Structural and Functional Studies of Chikungunya Virus nsP2 ^†

Abstract

Chikungunya virus (CHIKV) is transmitted to humans through mosquitoes and causes Chikungunya fever. Nonstructural protein 2 (nsP2) contains an N-terminal RNA helicase with both nucleotide triphosphatase and RNA triphosphatase activities, and a C-terminal cysteine protease that is responsible for polyprotein processing. Both N-terminal RNA helicase and C-terminal cysteine protease are connected through a flexible linker. Although the structure of the C-terminal cysteine protease has been solved, the structure and the conformational arrangement of full-length nsP2 remains elusive. Here, we determined the crystal structure of the helicase part of the CHIKV nsP2 (nsP2h) bound to the conserved 3′-end of the genomic RNA and the nucleotide analogue ADP-AlF₄. The structure of this ternary complex revealed the molecular basis for viral RNA recognition and ATP hydrolysis by the nsP2h. Unique hydrophobic protein–RNA interactions play essential roles in viral RNA replication. We also determined the solution structure of full-length nsP2 using small-angle X-ray scattering (SAXS).

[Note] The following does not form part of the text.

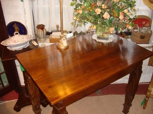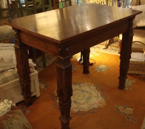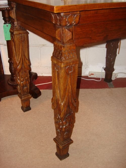 An interesting size for a serving, dining, computer or library table, or even for use as a kitchen island or baking centre, this unusual table is very versatile. The plain planked top is supported by a panelled frieze, and the whole stands on square tapering legs, carved on all sides with an elaborate design of rings, swags and tassels.

The solution architecture of the nsP2 was modeled using the available high-resolution structures and program CORAL (complexes with random loops). The CORAL model revealed that nsP2 is partially unfolded and the N-terminal protease domain is arranged near the N-terminal domain of the helicase domain. These findings expand our knowledge of CHIKV and related alphaviruses and might also have broad implications for antiviral and vaccine developments against pathogenic alphaviruses.